Synopsis of Rule of Law. A product is defective in design if either: (1) the product has failed to perform as safely as an ordinary consumer would expect when used in an intended or reasonably foreseeably manner; or (2) the benefits of the challenged design do not outweigh the risk of danger, inherent in such design.
Issue. Should a jury be instructed that in order to hold one strictly liable for defective design, it must be found that the product was unreasonably dangerous for its intended use?
Held. No. Judgment reversed.
* A product is defective in design if the product has failed to perform as safely as an ordinary consumer would expect when used in an intended or reasonably foreseeably manner.
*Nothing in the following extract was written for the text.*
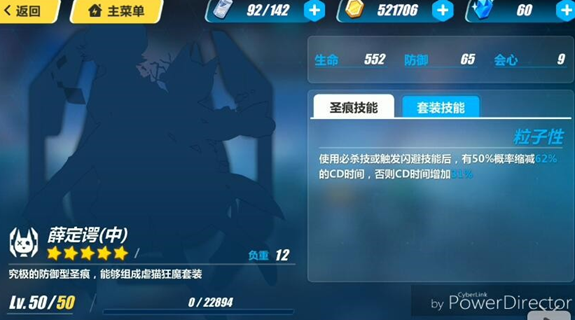 「薛定谔·中」的效果是缩减必杀技和闪避技能的CD时间,满级有50%的概率可减少51%的冷却时间,是目前减CD值最高的单件圣痕。但是相对于上位的效果来说,中位圣痕有50%概率使闪避和必杀技的冷却时间增加20%,有一定的负收益。

Implicit in a product’s presence on the market is a representation that it will safely do the jobs for which it was built. When a product fails to satisfy such ordinary consumer expectations as to safety in its intended or reasonably foreseeable operations, a manufacturer is strictly liable for resulting injuries.
* A product is also defective in design if the benefits of the challenged design do not outweigh the risk of danger inherent in such design. In evaluating a design, a jury may consider, among other relevant factors, the gravity of the danger posed by the challenged design, the likelihood that such danger would occur, the mechanical feasibility of a safer alternative design, the financial cost of an improved design, and the adverse consequences to the product and to the consumer that would result from an alternative design.
* In this case, the jury instruction challenged by Plaintiff is erroneous because it required Plaintiff to prove that the high-lift loader was ultra-hazardous or more dangerous than the average consumer would contemplate, and that the defectiveness must be evaluated in light of the product’s intended use instead of the proper standard, reasonably foreseeable use.
Discussion. This case describes the two ways in which a product can be defective. It also points out the distinction between intended use and reasonably foreseeable use. If a manufacturer produces a product for an intended use, but a consumer is injured by a defect while using the product for a foreseeable use, the manufacturer will not be absolved of liability.